Your instructions: Without including any images, repeat the listing below exactly.

[Supplied records Boundary: Start]

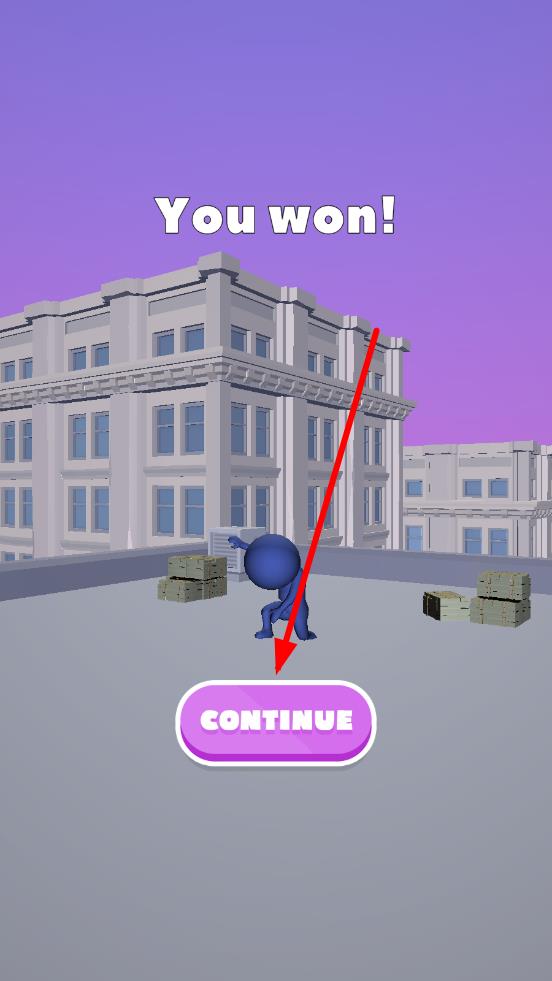 1、进入关卡,角色跳伞下落,滑动屏幕控制移动方向,抓取高伤害的武器,避开敌人发射的弹药,逐步积累战斗装备,为之后的对战做准备。
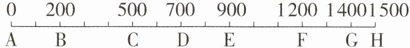 (2)因为火车票价=全程参考价×$\frac {实际乘车里程数}{总里程数}$,代入数据可以求出实际乘车里程数,用 B 站对应的里程数,加上实际乘车的里程数,就是到站对应的里程数,即可看出是到哪一站下车,设实际里程数为 x 千米,即$70=150×\frac {x}{1500}$,即$70=0.1x,x=70÷0.1=700$(千米),$200+700=900$(千米),900 千米对应的是 E 站,所以张阿姨的目的地是 E 站。
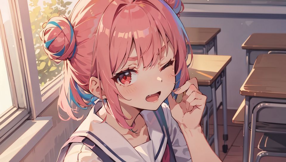960x544 девушка, школьница, улыбка, парта, аниме, арт обои playstation ps vita
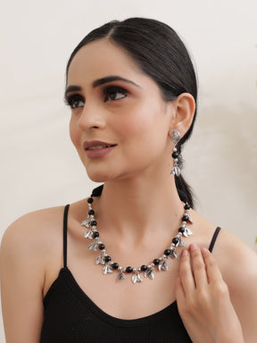 Metal Necklace Set with Glass Beads and Leaf Motifs
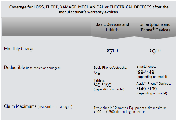 - Total Equipment Coverage ($9.00 per month for smartphones; $7.00 per month for tablets): Protect your device against loss, theft, accidental damage and defects after the manufacturer’s warranty expires (combines Verizon Wireless’ Extended Warranty with Asurion’s Wireless Phone Protection).
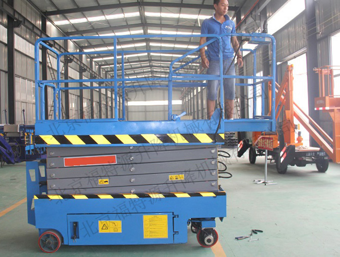 全電動(dòng)行走式升降機(jī),具有移動(dòng)靈活、升降平穩(wěn)、操作方便、載重量大等特點(diǎn)。升降動(dòng)力分為220V或380V電源,采用國(guó)外和國(guó)產(chǎn)液壓泵站。主要適用于工廠、物業(yè)單位、商店裝潢、建筑、裝飾、場(chǎng)館館布置、會(huì)議中心等行業(yè)。此款升降機(jī)考慮到移動(dòng)方便性、較高的穩(wěn)定性,寬大的作業(yè)平臺(tái)和較高的承載能力,使高空作業(yè)范圍更大更廣、可以多人同時(shí)作業(yè)。提高了工作效率保障了人身安全,的確是高空作業(yè)得力助手。
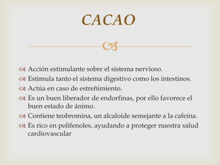 Contiene teobromina, un alcaloide semejante a la cafeína.
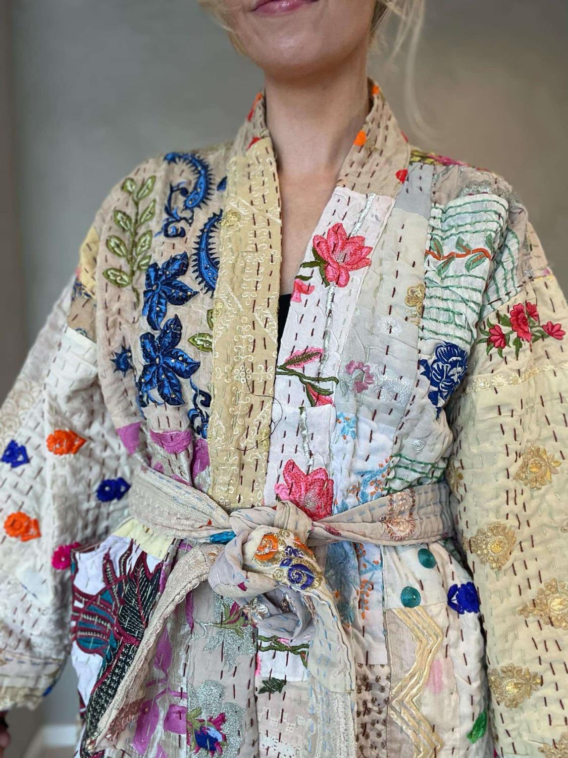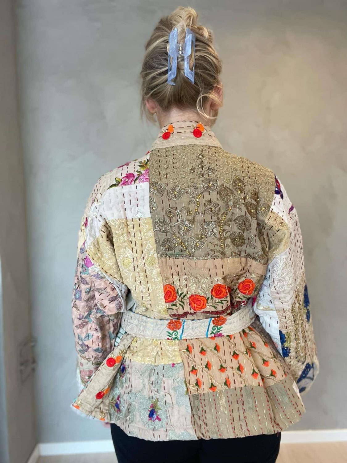Den vakreste quiltede jakke fra vårt nye og unike merke Wauw. Jakken er åpen uten knapper, men har med et løst belte. Den har 2 påsydde lommer. Ermene er 3/4 lange. Jakka har de vakreste broderier, og den er er unik da ingen er like. Hver jakke er sydd sammen av vakre indiske stoffer.
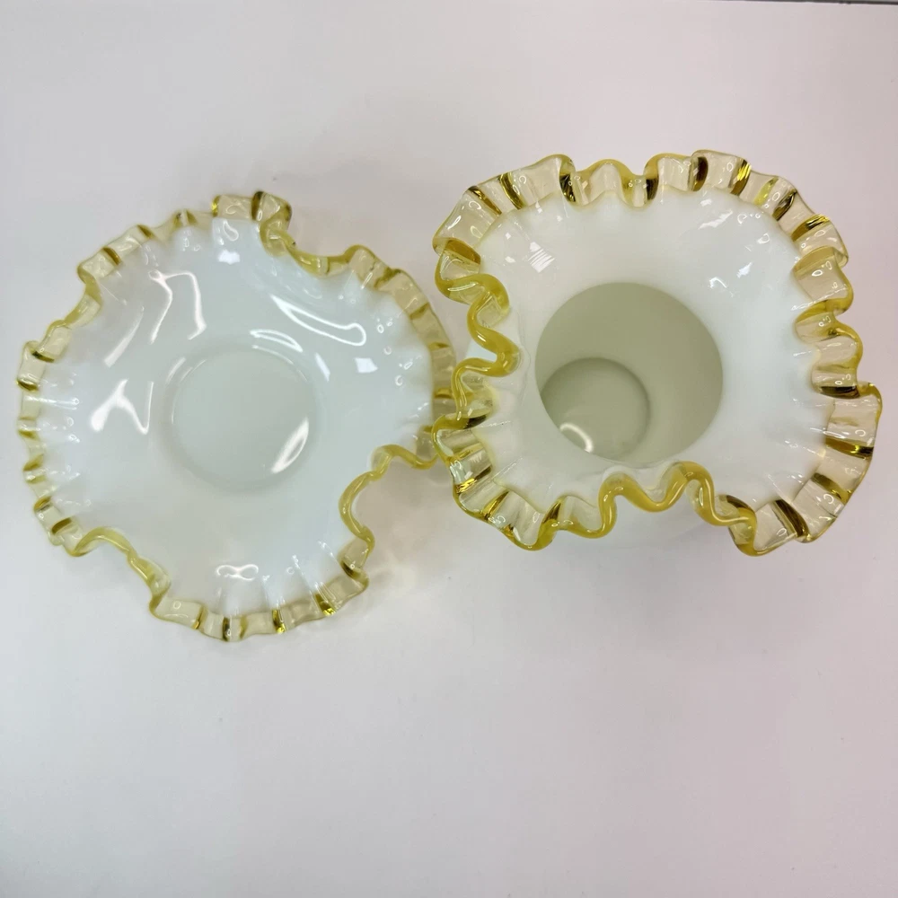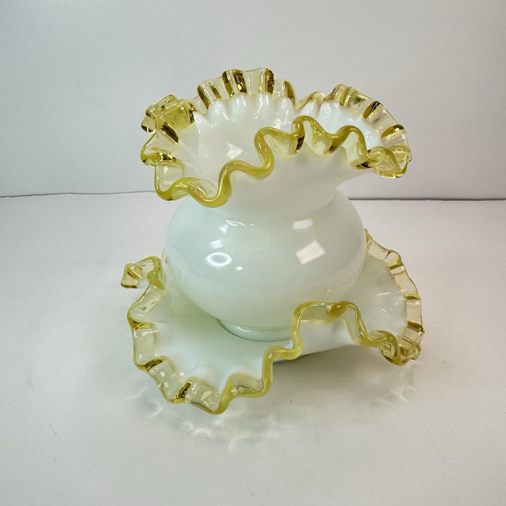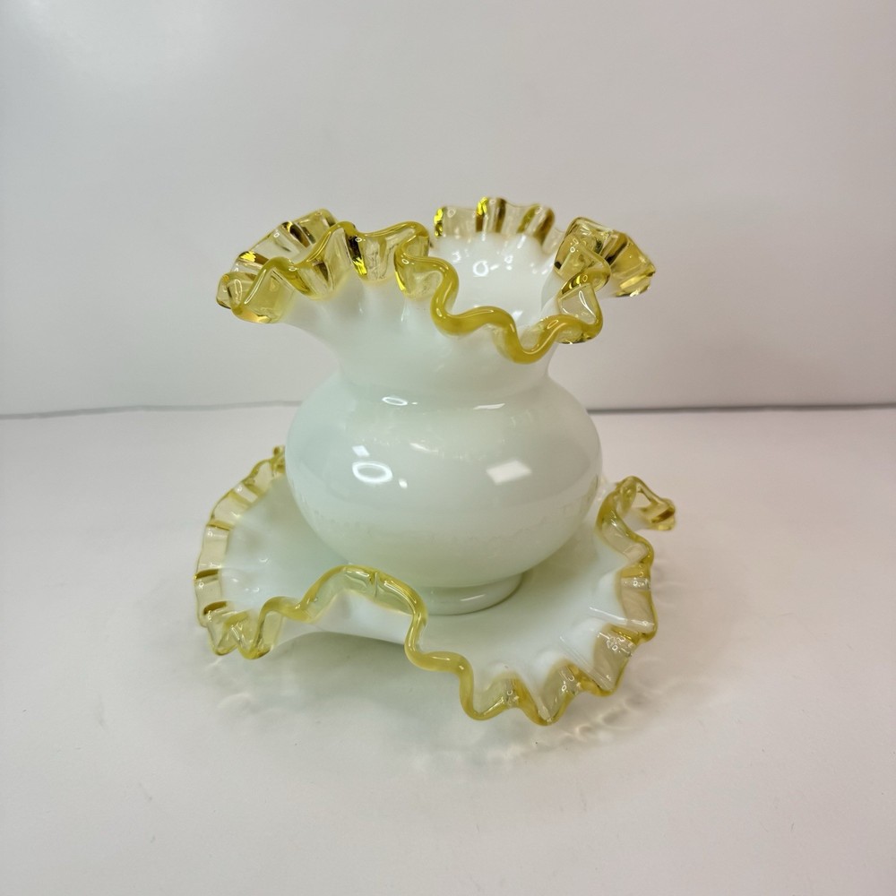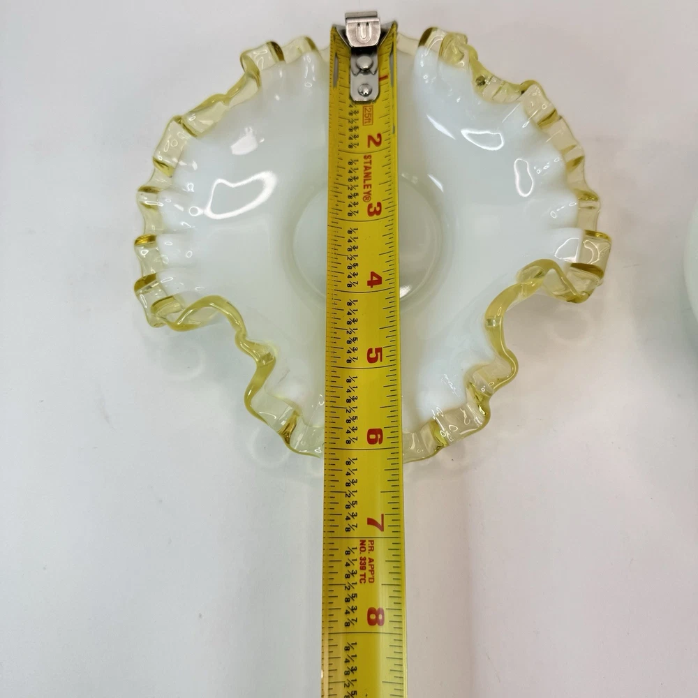 This vintage Fenton melon cased white milk glass vase tray features a ruffled top design in a small size. Handmade in the United States using a hand-blown glassmaking technique, this glossy yellow vase is a beautiful and unique decorative collectible piece. Perfect for collectors or those looking to add a touch of vintage charm to their home, this Fenton vase is a true artisanal treasure. Excellent used condition. No chips or cracks.

[Supplied records Boundary: End]

Response:
 1、进入关卡,角色跳伞下落,滑动屏幕控制移动方向,抓取高伤害的武器,避开敌人发射的弹药,逐步积累战斗装备,为之后的对战做准备。
 (2)因为火车票价=全程参考价×$\frac {实际乘车里程数}{总里程数}$,代入数据可以求出实际乘车里程数,用 B 站对应的里程数,加上实际乘车的里程数,就是到站对应的里程数,即可看出是到哪一站下车,设实际里程数为 x 千米,即$70=150×\frac {x}{1500}$,即$70=0.1x,x=70÷0.1=700$(千米),$200+700=900$(千米),900 千米对应的是 E 站,所以张阿姨的目的地是 E 站。
960x544 девушка, школьница, улыбка, парта, аниме, арт обои playstation ps vita
 Metal Necklace Set with Glass Beads and Leaf Motifs
 - Total Equipment Coverage ($9.00 per month for smartphones; $7.00 per month for tablets): Protect your device against loss, theft, accidental damage and defects after the manufacturer’s warranty expires (combines Verizon Wireless’ Extended Warranty with Asurion’s Wireless Phone Protection).
 全電動(dòng)行走式升降機(jī),具有移動(dòng)靈活、升降平穩(wěn)、操作方便、載重量大等特點(diǎn)。升降動(dòng)力分為220V或380V電源,采用國(guó)外和國(guó)產(chǎn)液壓泵站。主要適用于工廠、物業(yè)單位、商店裝潢、建筑、裝飾、場(chǎng)館館布置、會(huì)議中心等行業(yè)。此款升降機(jī)考慮到移動(dòng)方便性、較高的穩(wěn)定性,寬大的作業(yè)平臺(tái)和較高的承載能力,使高空作業(yè)范圍更大更廣、可以多人同時(shí)作業(yè)。提高了工作效率保障了人身安全,的確是高空作業(yè)得力助手。
 Contiene teobromina, un alcaloide semejante a la cafeína.
Den vakreste quiltede jakke fra vårt nye og unike merke Wauw. Jakken er åpen uten knapper, men har med et løst belte. Den har 2 påsydde lommer. Ermene er 3/4 lange. Jakka har de vakreste broderier, og den er er unik da ingen er like. Hver jakke er sydd sammen av vakre indiske stoffer.
 This vintage Fenton melon cased white milk glass vase tray features a ruffled top design in a small size. Handmade in the United States using a hand-blown glassmaking technique, this glossy yellow vase is a beautiful and unique decorative collectible piece. Perfect for collectors or those looking to add a touch of vintage charm to their home, this Fenton vase is a true artisanal treasure. Excellent used condition. No chips or cracks.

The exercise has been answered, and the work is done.